Washington's Panda Obsession
By Robin Wright
By Robin Wright
When I was little, I wanted a panda for my
birthday. Last August 22nd, which happened to be my birthday, the National Zoo,
in Washington, sent out an alert on e-mail, Twitter, and Facebook: its female
panda, the gentle Mei Xiang, had gone into labor. I signed onto the zoo’s Panda
Cam just in time to hear an eek-y squeal from the back stall where Mei had
built her nest. It was the birth yelp of a baby boy. A four-ounce butter stick,
pink-skinned and blind, slipped from his mom’s womb and slid across the floor.

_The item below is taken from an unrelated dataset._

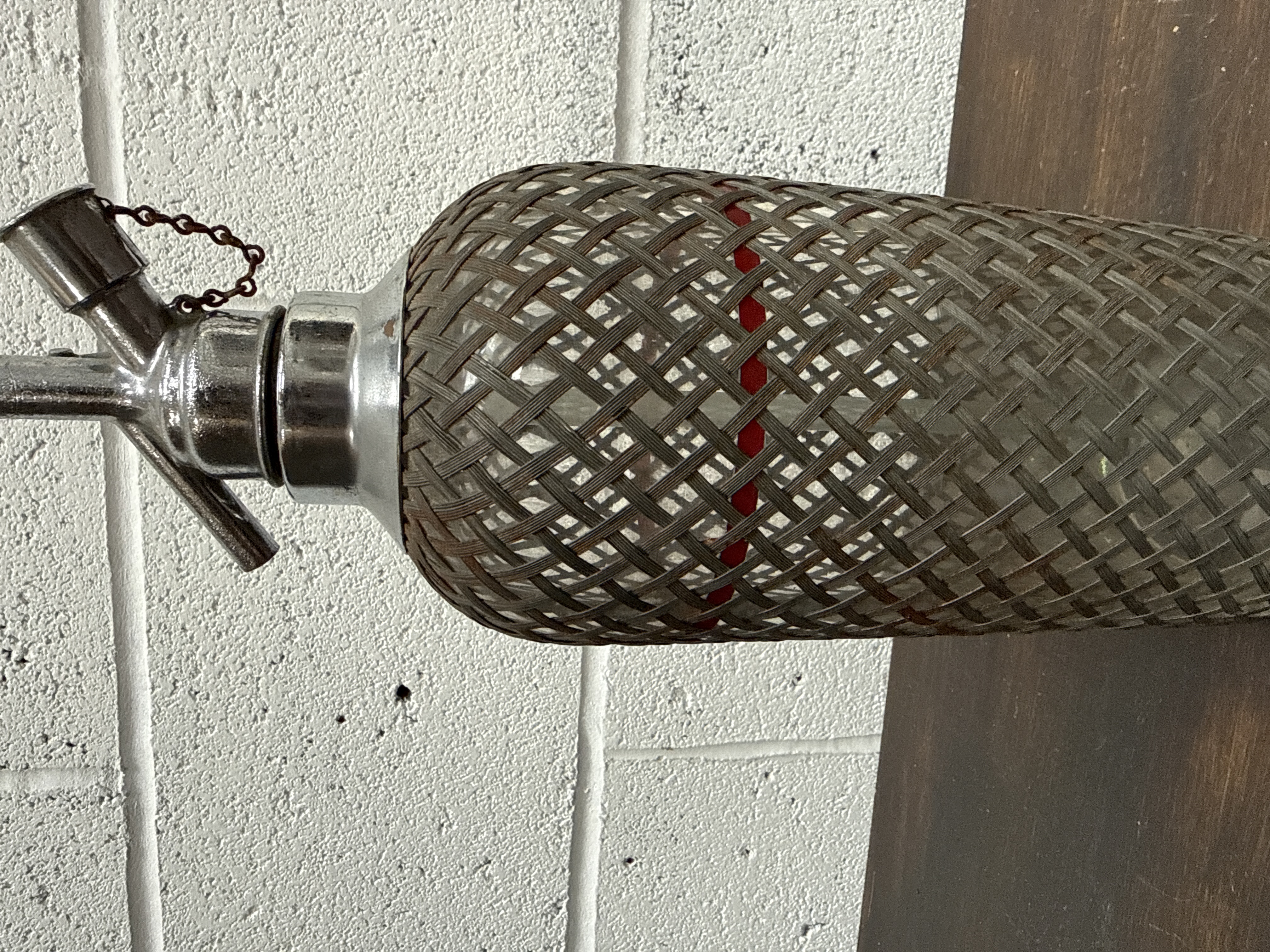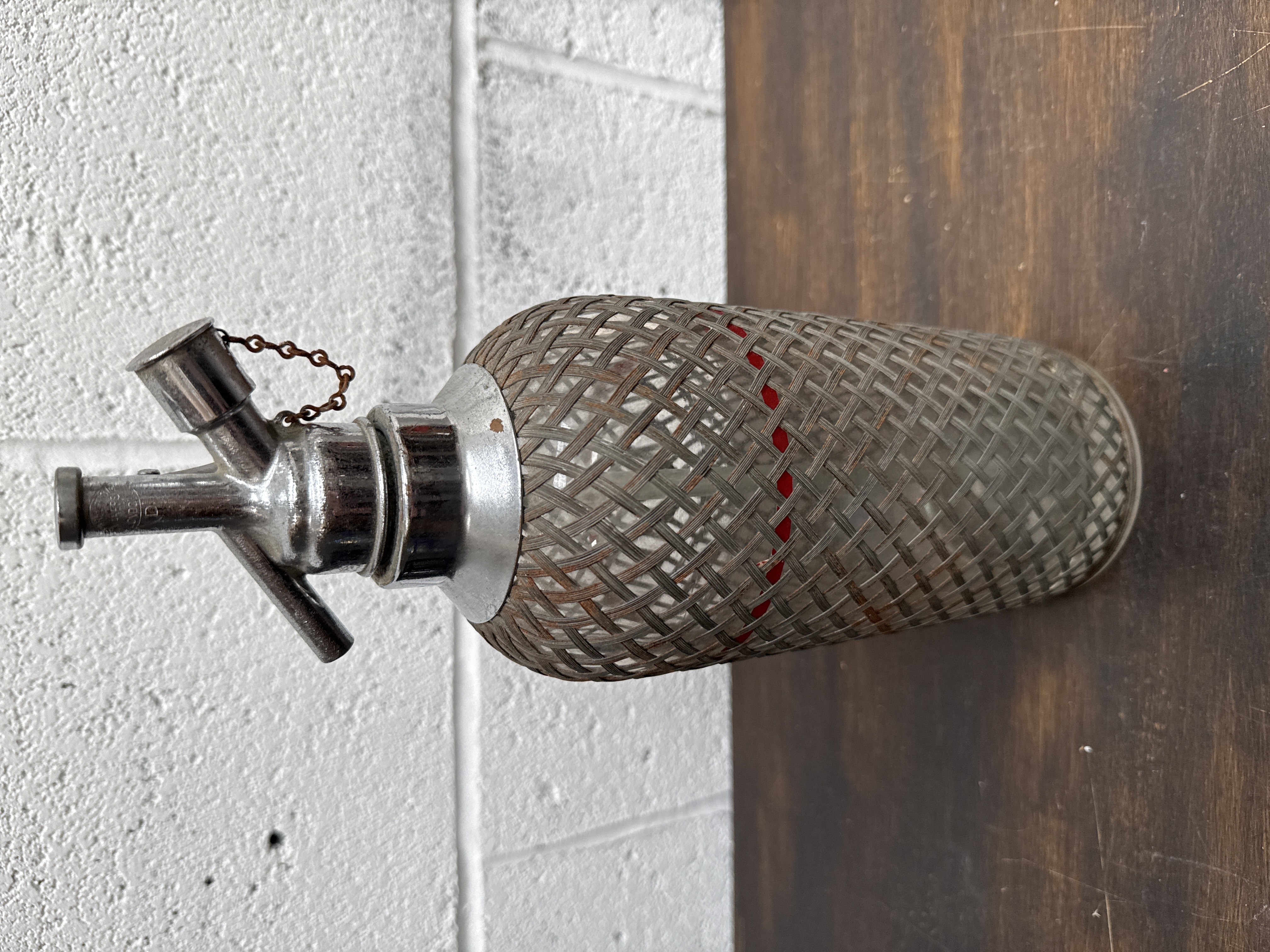 A vintage soda siphon by Sparklets of London, featuring a glass bottle body encased in a protective woven metal wire mesh. The siphon head is constructed from chrome-plated metal and is equipped with a dispensing spout, a lever, and a CO2 cartridge port with a small cap attached by a fine metal chain. A prominent red horizontal fill line is visible on the interior glass bottle through the mesh. The spout is marked with the letter D and manufacturer branding for Sparklets London.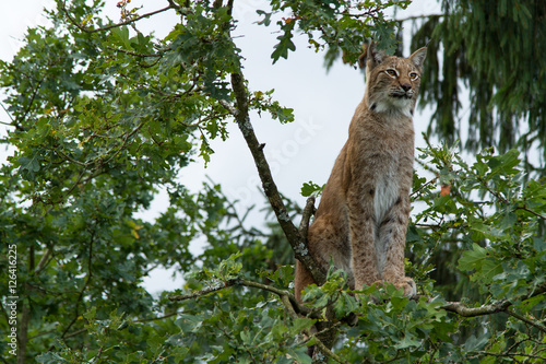 Fototapeta premium Lodjur sittandes uppe i ett träd

There’s something about pandas, the world’s
rarest bear, that captivates the famous, turns the powerful into putty, and
wins over skeptics. In 1956, Elvis Presley travelled with a huge stuffed panda
on a twenty-seven-hour train ride from New York to Memphis. On the first leg,
the bear was photographed in its own seat. At night, the photographer Albert
Wertheimer later recounted, the bear was strapped into the upper berth in
Elvis’ compartment, its legs protruding through the webbing, as Elvis listened
to acetates of his recent recordings in the lower berth. The next day, Elvis,
not yet a national icon, perched the bear on his hip and used it to flirt with
girls as he strolled through a passenger car.